Att fira jultid med glögg! / Celebrating Christmas with glögg!

Ahhhhh… the Christmas season.  There is fresh snow on the ground, the air is fresh and crisp, and the wonderful smell of firewood burning in the fireplace lingers outside.  (By the way, that’s one of my favorite “smells” of this season!)  How best to celebrate this cozy season than with glögg, the Swedish version of mulled wine?  I was introduced to glögg my first year in Stockholm and have since thrown a glögg party every year, just like any truly Swedish person would do.

It is actually a lot of fun trying the different glögg flavors that are available today.  Yesterday, I hosted a glögg party at my apartment for some close friends.  I decided that I didn’t want to throw a glögg party this year since I already hosted the Halloween party already, but since Josh’s birthday was this weekend (Happy 30th, old man!) I went with it.  It was good fun!

This is another #TrulySwedish tradition that everyone likes to go to.  Whereas back in the US you’d get invited to a Christmas party (maybe with a funny theme, like an ugly Christmas sweater theme or a white elephant gift exchange theme), the party doesn’t really have much of a focus (other than Christmas, of course).  But in Sweden, the parties are specifically focused on the glögg.  Hence the name, glöggfest (glögg party).  It makes perfect sense – it is so cold outside that the only thing you want to do is to stay inside, light up some candles, and relax with some good friends.  Glögg is a good way to do that.  Between my friends and me, we tried the year’s Blossa flavor (saffron), and a few flavors from prior years.  We also tried glögg with cognac, a chocolate glögg, a variety of other Swedish glöggs, and a non-alcoholic version for the expectant.
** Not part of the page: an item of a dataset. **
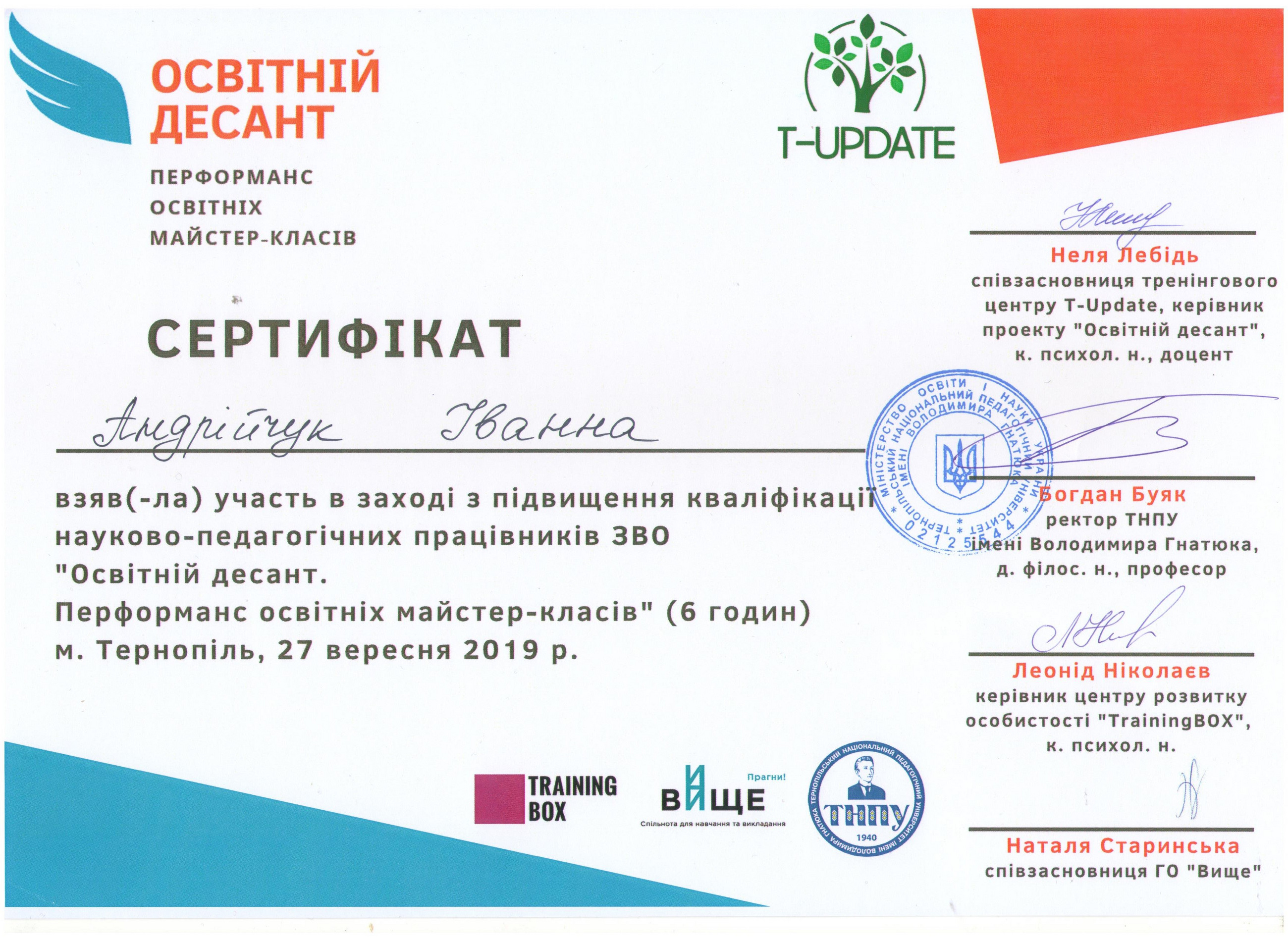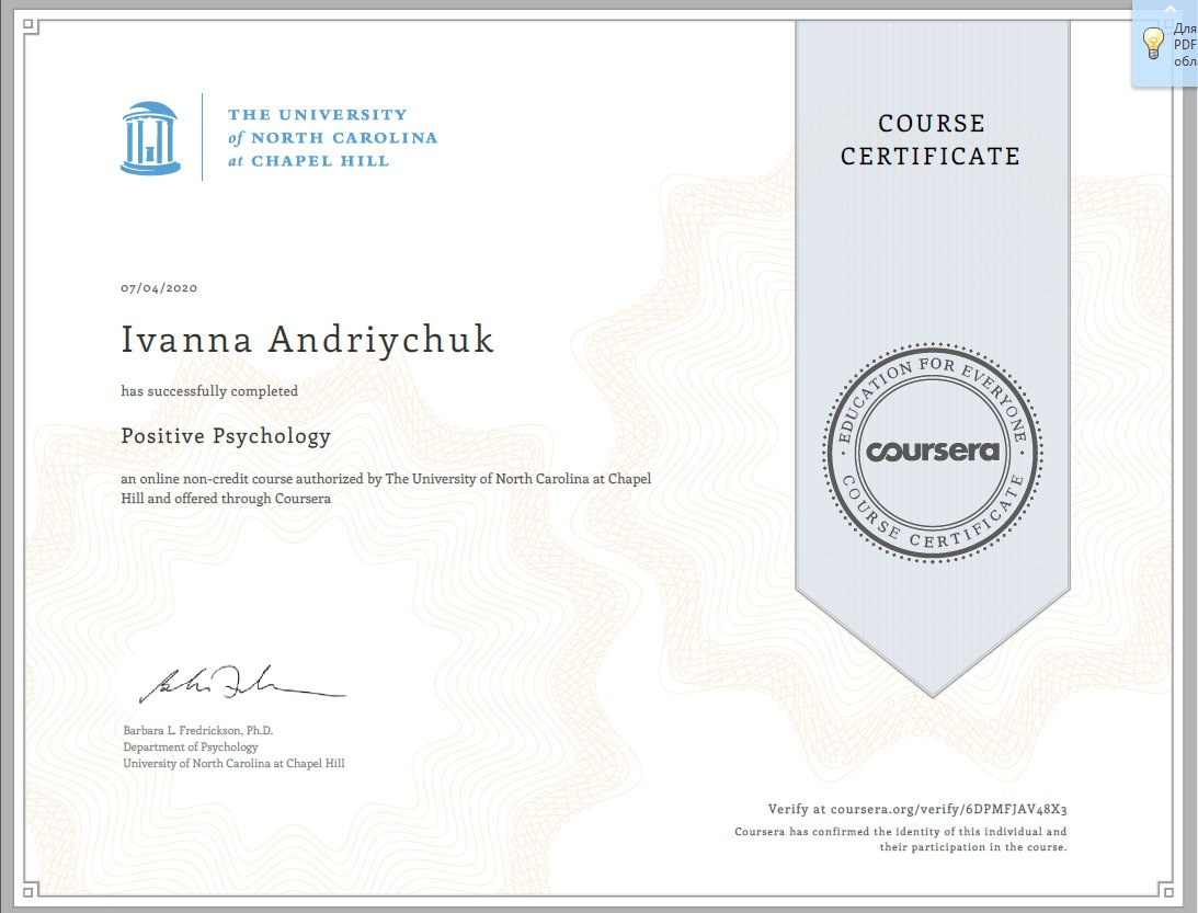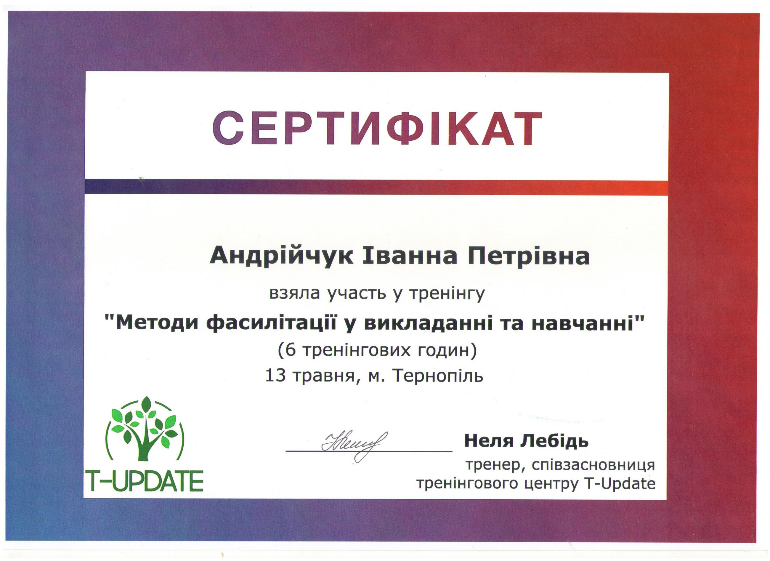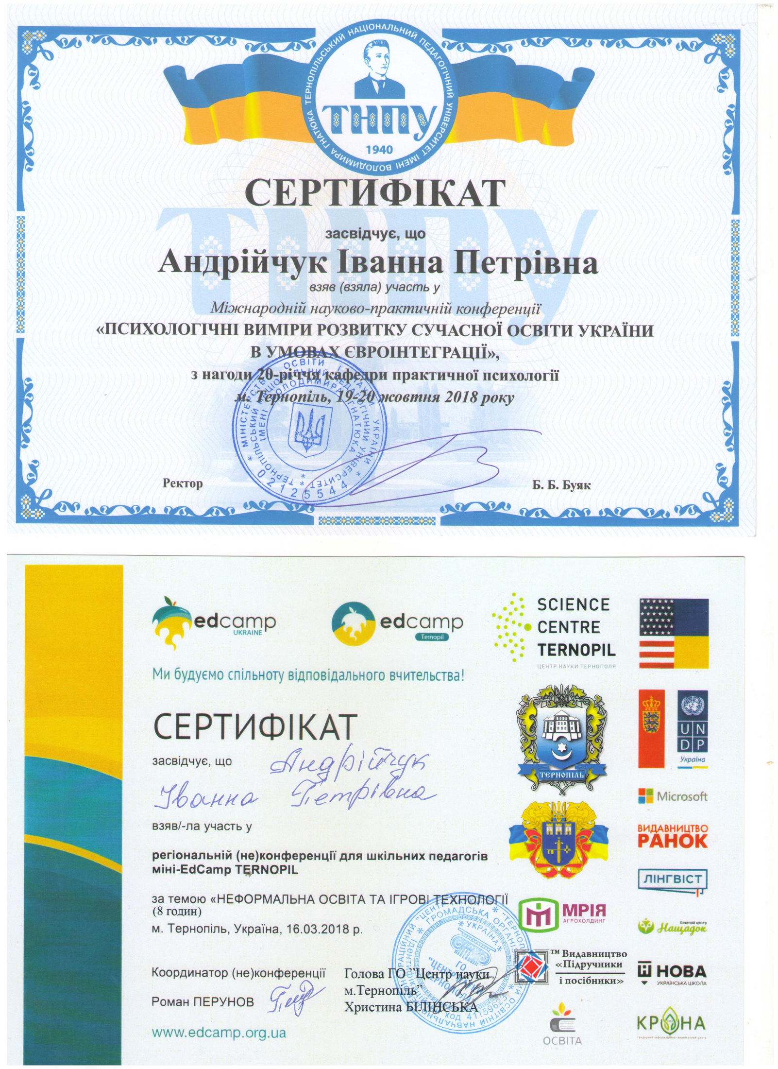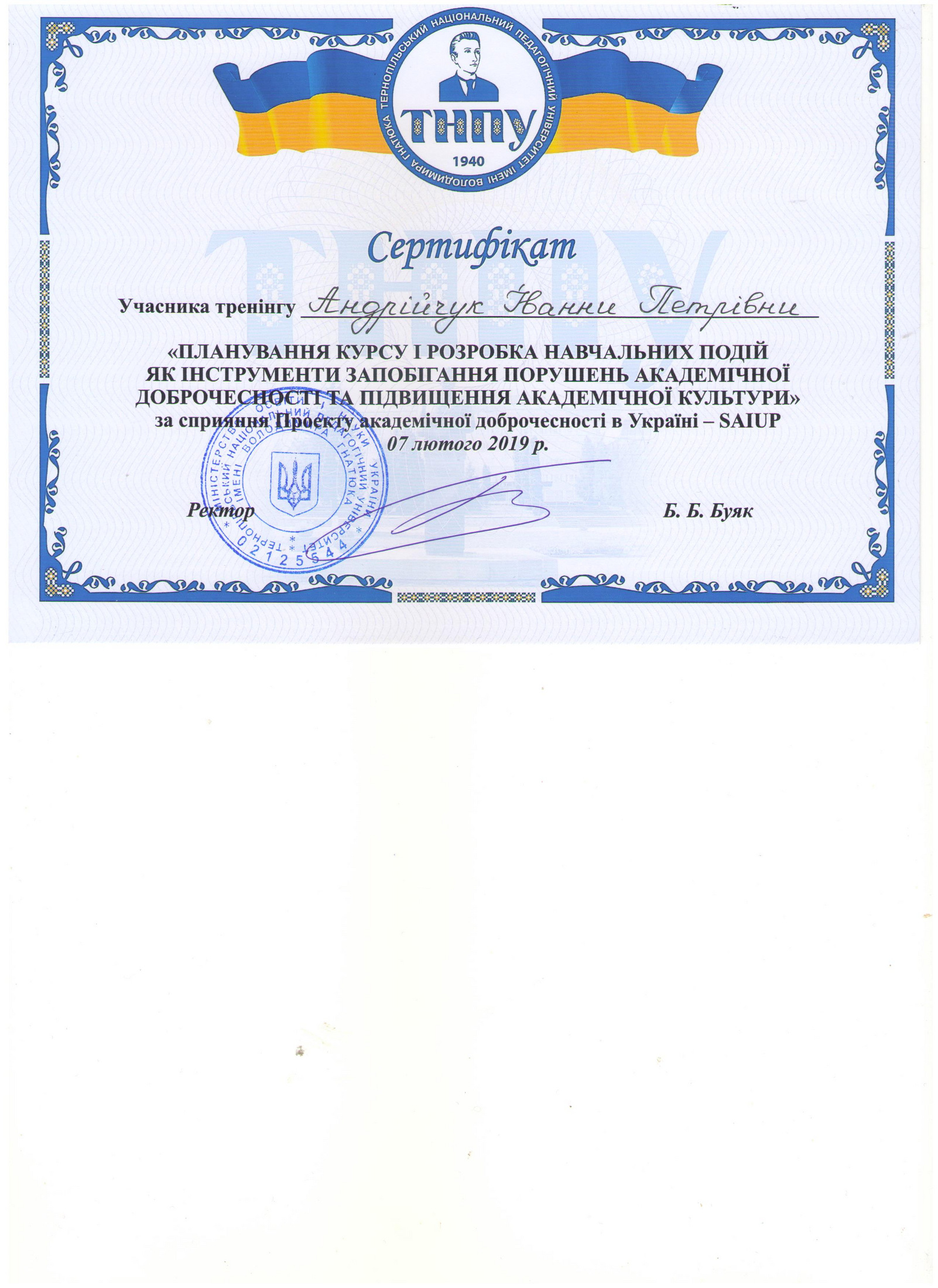 У 2001 – 2002 рр. закінчила базовий курс з Позитивної психотерапії та отримала сертифікат консультанта в напрямку позитивної психотерапії.

A glögg party isn’t complete with glögg (duh), almonds, raisins, lussekatter (saffron buns), and pepparkakor.  My friends baked tPepparkakor - ginger snapsher own pepparkakor (ginger snaps) for the party in the shape of Dala horses and moose.  And of course, for those truly Swedish that want a little savoriness with their sweets, we had some bleu cheese on hand to spread on the gingersnaps.

Glögg can often be too sweet if it’s all you’re drinking all night.  But when you do it just right, it is surprisingly good.  My half-Swiss half-Swedish friend Alex brewed his own glögg during the week and brought over a whole liter of it.  It was the best glögg that we tasted during the night.  Everyone went back for 2nds and 3rds, and soon the whole liter was gone.

Glögg – a great reason to bring your friends together for a cozy evening. How many glögg parties did you go to this year?